Spectral Analysis for Class Discovery and Classification (SPACC) (version
2.0)
We proposed SPACC, a classifier that can perform both class discovery and
classification. The algorithm is implemented in Matlab 7, with a Graphic
User Interface on top of it, designed and written by Peng Qiu.
Our motivation is as follows. In the literature, the existing classification
methods can be mainly divided into two categories, unsupervised and supervised
methods. In unsupervised methods, samples are grouped into clusters or tree
structures, where the class label information does not affect the clustering
process. Since the class label is not used, unsupervised method has the
potential to discover subclasses that are beyond the known class label
information. However, there is lack of systematic way to interpret the agreement
and disagreement between unsupervised clusters and known class labels. On the
other hand, for supervised methods, the aim is to find the boundary that best
separates different classes, where the class labels play an important role.
Since the total number of classes is defined by the class labels, supervised
classifiers are not able to pick up possible data substructures within each
known class. In supervised methods, another issue is the robustness, the
adversary effect of data outliers and mislabeled samples needs to be carefully
handled. The limitations of unsupervised and supervised methods motivated us to
propose a novel classification method, which utilizes the class label
information to a less important role so as to perform class discovery and
classification simultaneously.
A manuscript of this work has been published:
Peng Qiu, and Sylvia K. Plevritis, "Simultaneous Class Discovery and Classification of Microarray Data using Spectral Analysis", Journal of Computational Biology, 16(7):935-944, 2009.
Installation instructions
This package requires Matlab 7. In order to give users maximum freedom of
manipulating this software, the raw .m files are provided.
The input file is a .mat file which has the following variables:
training_samples : each column is
one sample, each row is one feature
training_labels : class label
of each training sample training_samples_names : cell array of
the names of each training sample (optional)
testing_samples : each column
is one sample, each row is one feature
testing_labels : vector,
class label of each testing sample testing_samples_names
: cell array of the names of each testing sample (optional)
There are a few example input files included in the zip package.
Note: (1) This software does not perform feature selection. The
user needs to select relevant features when preparing the input
file. (2) Theoretically, this algorithm can handle infinite number
of features, as long as they are relevant. (3) If the numerical
range of the input data is too large, errors may occur, that error can be
avoided by normalization (reducing the numerical range of the input data).
(2) Browse and Load input file
In step 1 (top-left panel), if the input file is successfully loaded, the
number of samples in each class for the training set and testing set will be
displayed.
Each training and testing sample will be assigned an index that is defined
by the software. This information is shown in the message box at the bottom.
(3) Display training data
In step 2 (top-right panel), click "show training samples" button. The
training samples will be displayed in the left plot. Each training sample is
one marker in the plot, the class labels are reflected by the shape of the
markers. The proposed algorithm is applied to the training
samples, with results displayed in the right plot. The red polygons show the
convex hulls of each resulting clusters. It
is possible that one resulting cluster contains only one sample. Such cases
will not be indicated by red polygons.
The two plots are both PCA-plots, drawn using principal component analysis
(PCA). The horizontal and vertical axes are the coefficients of (by default)
the first two principal components. The users can choose other principal
components by modifying the two EditBoxes to the left of the button.

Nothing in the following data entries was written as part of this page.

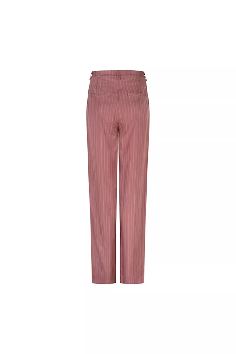 De Junae broek van Lofty Manner is een stijlvolle dames broek met een elegante en moderne uitstraling. Deze mauve pink broek heeft een straight leg pasvorm en een hoge taille, wat zorgt voor een flatterend silhouet. De subtiele glans in de stof en het fijne streepdetail geven de broek een luxe en vrouwelijke look.
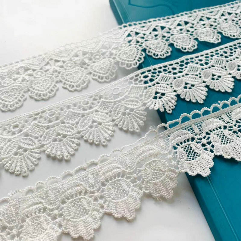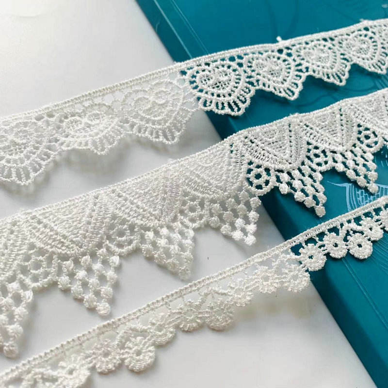 Soie de lait blanche de 3 cm, bordure en dentelle de broderie soluble dans l'eau en polyester
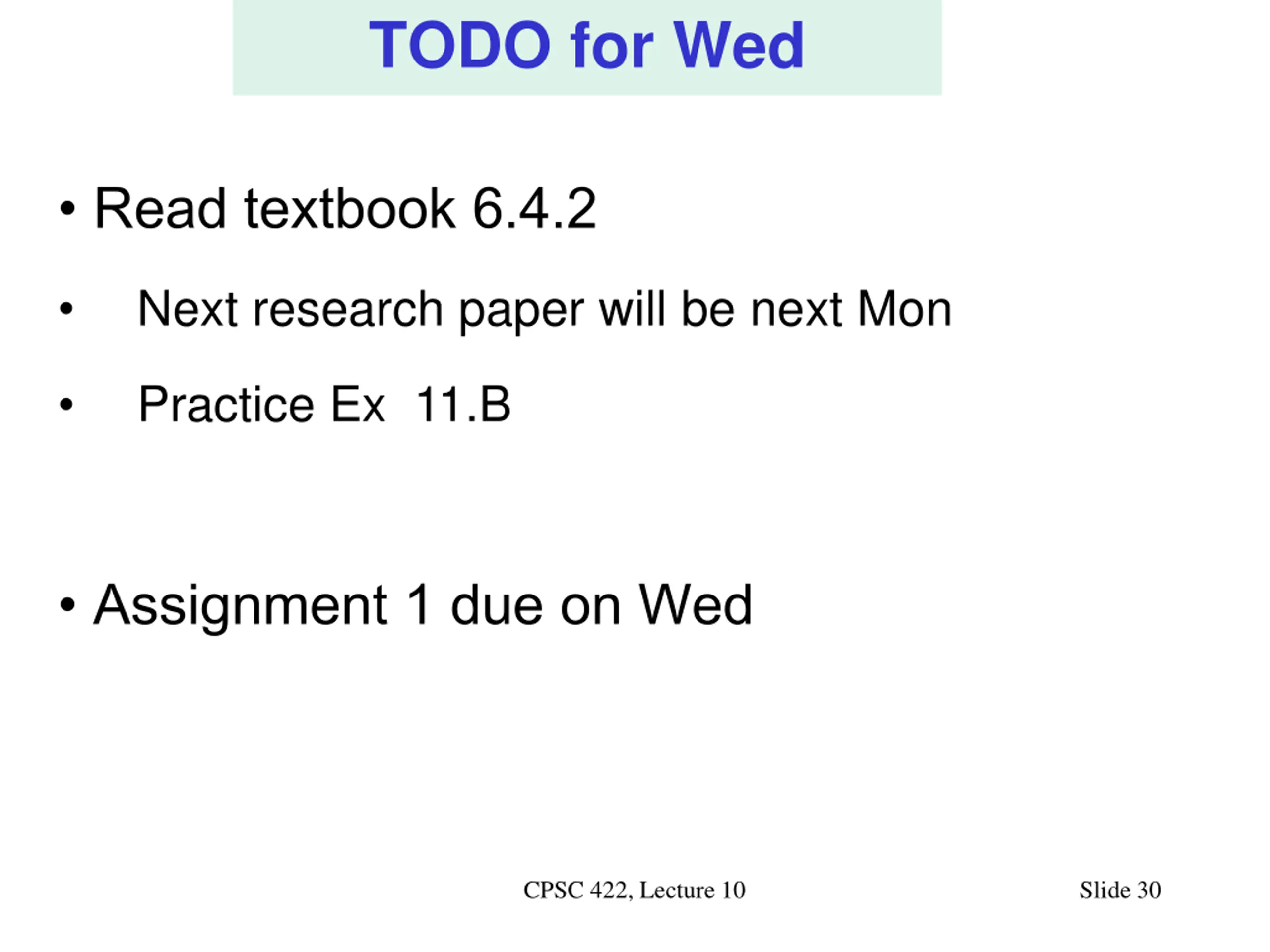 TODO for Wed Read textbook 6.4.2 Next research paper will be next Mon Practice Ex 11.B Assignment 1 due on Wed CPSC 422, Lecture 10 Slide 30
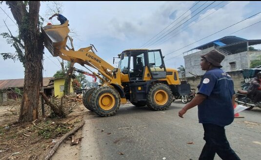 Dinilai Berpotensi Bahaya, DLH Aceh Tamiang Tebang Pohon di Jalan Nasional
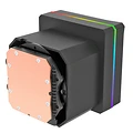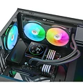 Il radiatore slim da 27 mm con camera in rame ispessita da 20 mm assicura un'ottima dissipazione termica in un formato compatto e facile da installare. La base in rame della pompa accelera la conduttività termica per un trasferimento rapido del calore dalla CPU. L'illuminazione ARGB a 16,8 milioni di colori è sincronizzabile con le principali piattaforme RGB delle schede madri tramite header addressable 5V, tra cui ASUS Aura Sync, MSI Mystic Light Sync, GIGABYTE RGB Fusion e ASRock Polychrome.
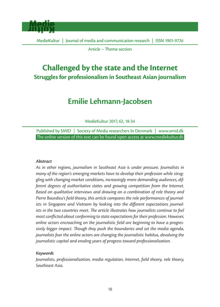 "As in other regions, journalism in Southeast Asia is under pressure. Journalists in many of the region’s emerging markets have to develop their profession while struggling with changing market conditions, increasingly more demanding audiences, different degrees of authoritative states and growing competition from the Internet. Based on qualitative interviews and drawing on a combination of role theory and Pierre Bourdieu’s field theory, this article compares the role performances of journalists in Singapore and Vietnam by looking into the different expectations journalists in the two countries meet. The article illustrates how journalists continue to feel most conflicted about conforming with the states’ expectations to their profession. However, online actors imposing on the journalistic field are beginning to have a progressively bigger impact. Though they push the boundaries and set the media agenda, journalists fear they are changing the journalistic habitus, devaluing the journalistic capital and eroding years’ worth of professionalization progress." (Abstract)

The left plot in step 2 is interactive. User can delete/undelete training
samples by clicking in the figure.
NOTE: although the samples are displayed using PCA, the
algorithm is based on all the features provided by the input
file.
NOTE: One very important component of the algorithm is how
to define the Laplacian matrix based on the input data, because the Laplacian
matrix is the basis for the iterative partitioning. The Laplacian matrix is
defined in the file "calculate_dist_la_matrix.m", users can modify this file
to define the Laplacian matrix in their own way.
(4) Display training and testing data
The plot in step 3 displays both training and testing data in a PCA-plot.
The purpose is for users to have a general picture.
(5) Classification
In step 4, by clicking the "classification" button,
classification is performed on the testing set.
In step 5, the plot shows the classification one testing sample (the red
marker). The shape of the red marker indicates the true label of the testing
sample. The blue polygon shows: the classification decision is made based on
the majority vote of which training samples.
Using the EditBox and buttons above the plot, users can navigate through
all testing samples.
List of incorrectly classified testing samples is shown in the list box.
By clicking in the list box, instances of incorrect classification will be
shown in the right plot.
(6) Output
In step 4, the "output results" will generate an output file named
"tmp_result_file.mat". The output file contains sample index (defined by the
software), sample name, and classification results.
In "tmp_result_file.mat", classification results of training sample is
"training_#". The number indicates the results of the training samples (the
red polygons in step 2). "-1" means outlier. The classification results of
testing samples is "correct", "incorrect".